Nota che non è "Ci presentiamo in modi dannosi?" C'è una pressione intrinseca in quella domanda affinché i beneficiari rispondano positivamente. Ma quando un finanziatore riconosce che il danno accade, si apre la porta per una discussione onesta.

"È un modo per spostare il potere perché stai chiedendo alla persona o all'organizzazione con cui hai una relazione di continuare attivamente a creare quali sono i limiti di quella relazione", afferma Tillett.

Ad esempio, conversazioni aperte e oneste con la comunità hanno aiutato la Brooklyn Community Foundation a formalizzare la loro concessione di sovvenzioni partecipative. I membri della comunità sono coinvolti nella definizione delle priorità e nel decidere come distribuire le risorse.

"Cerchiamo davvero di essere una partnership tra pari", afferma Tillett.

6. Ridurre la burocrazia

Se hai una domanda di sovvenzione complessa e dispendiosa in termini di tempo, probabilmente stai gravando sui tuoi beneficiari e allontanandoli dal loro lavoro di comunità. Trovare modi per ridurre la burocrazia può aiutarli a compiere le loro missioni e fare di più.

Che aspetto ha in azione?

Per il team della Headwaters Foundation, significava reinventare il processo di approvazione delle sovvenzioni. Piuttosto che una domanda lunga e prolungata e poi settimane o mesi per la revisione, il team ha razionalizzato il proprio lavoro il più possibile

Invece di cercare ragioni per non supportare un'organizzazione, il team della fondazione considera il processo di candidatura come un modo rapido per verificare se le missioni sono allineate.

"Se sei allineato alla missione, dovremmo supportarti", afferma Brenda Solorzano.

Puoi anche cercare modi per trasferire parte dell'onere dai tuoi beneficiari al tuo stesso personale. Alla Headwaters Foundation, invece di far compilare la domanda ai beneficiari, il team ha la possibilità di incontrare un'organizzazione no profit e quindi compilare la domanda per loro. Invece di svolgere il lavoro, il beneficiario può semplicemente fornire l'approvazione o apportare modifiche alla convenzione di sovvenzione creata dal team della fondazione.

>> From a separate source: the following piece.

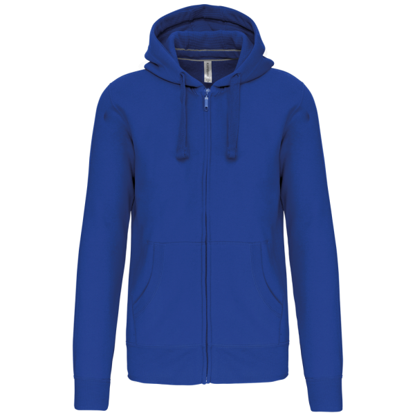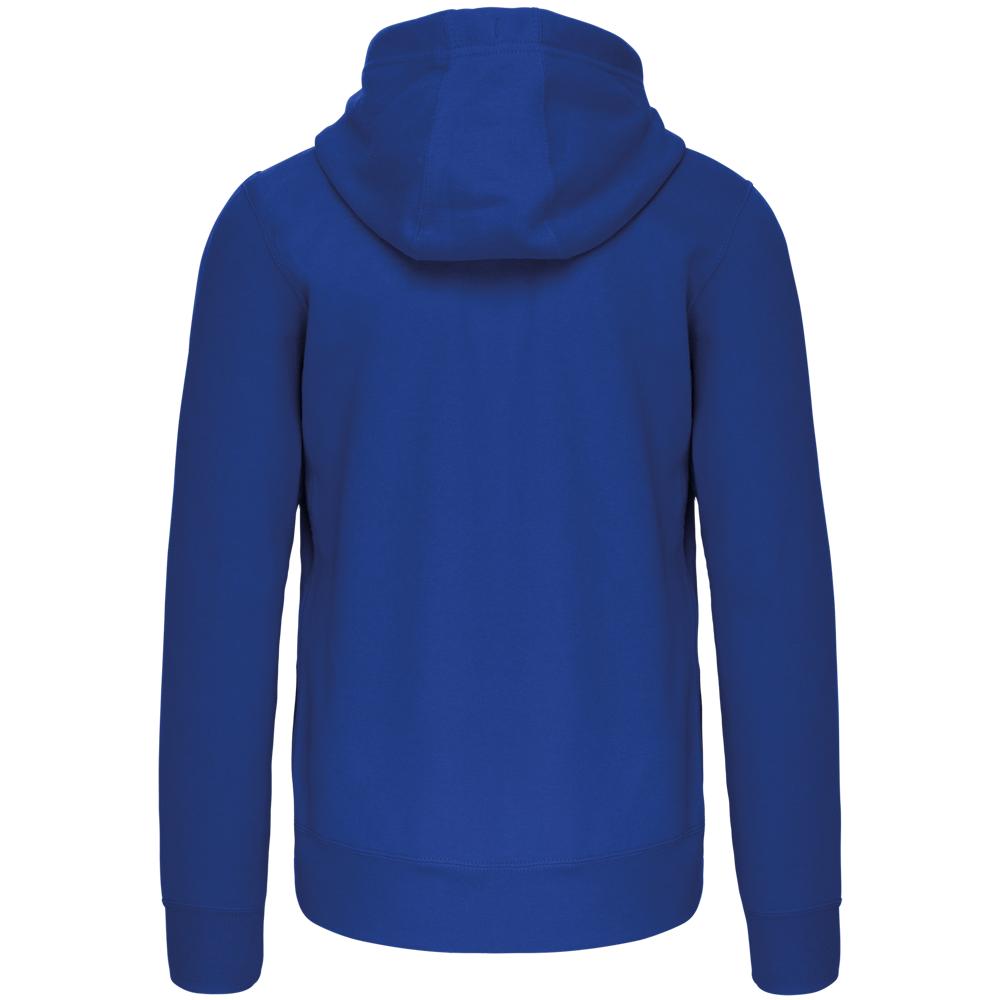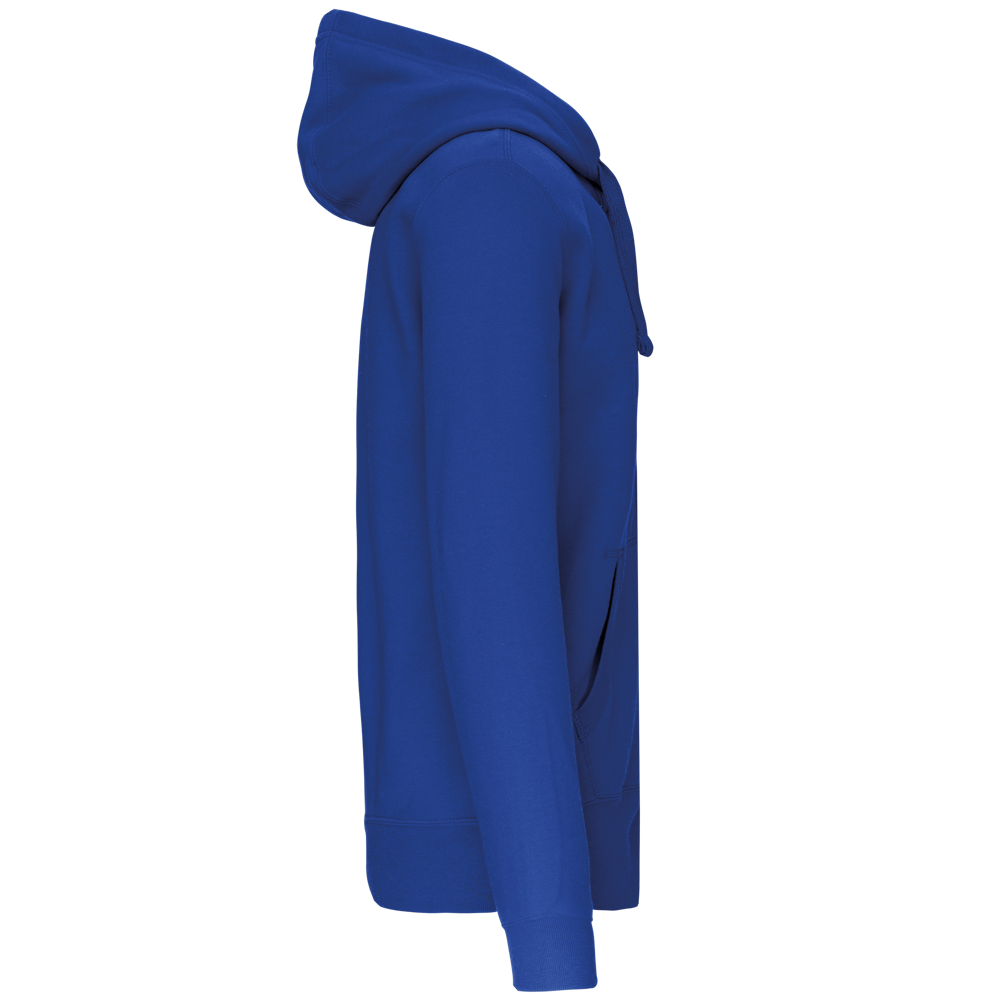 80% katoen / 20% polyester (Ash Heather: 79% katoen / 20% polyester / 1% viscose). Buitenoppervlak 100% gekamd katoen. Geborsteld fleece aan de binnenkant. Nektape in contrastkleur. (Navy voor de kleur Oxford Grey en Ash Heather ; Oxford Grey voor alle andere kleuren). Gevoerde capuchon in honinggraatstructuur met aanrijgkoordje. 'Kangaroe' zakken. Afwerking in rib aan de zakken, mouwuiteinden en onderaan. Ritssluiting.

Le storie che abbiamo raccolto sul lavoro che viene svolto con questa sovvenzione in denaro, è una trasformazione in molte di queste comunità.

Brenda Solorzano, CEO di Headwaters Foundation

Togliere l'onere amministrativo dai beneficiari non solo li libera per fare più lavoro nella comunità, ma garantisce che come finanziatore, stai sostenendo risultati più equi. Se il processo di candidatura è lungo e complesso, solo le organizzazioni non profit con risorse e personale sufficienti da dedicare a tali processi potranno presentare domanda.

La Headwaters Foundation ha visto questo risultato nel loro lavoro.

"Le storie che abbiamo raccolto sul lavoro svolto con questa sovvenzione in denaro, è una trasformazione in molte di queste comunità", afferma Solorzano. “E queste sono comunità che non hanno grandi infrastrutture, non hanno grandi organizzazioni non profit, non hanno persone che si occupano di sviluppo. Sono il tipo di persone che non sarebbero così competitive in un processo di candidatura tradizionale".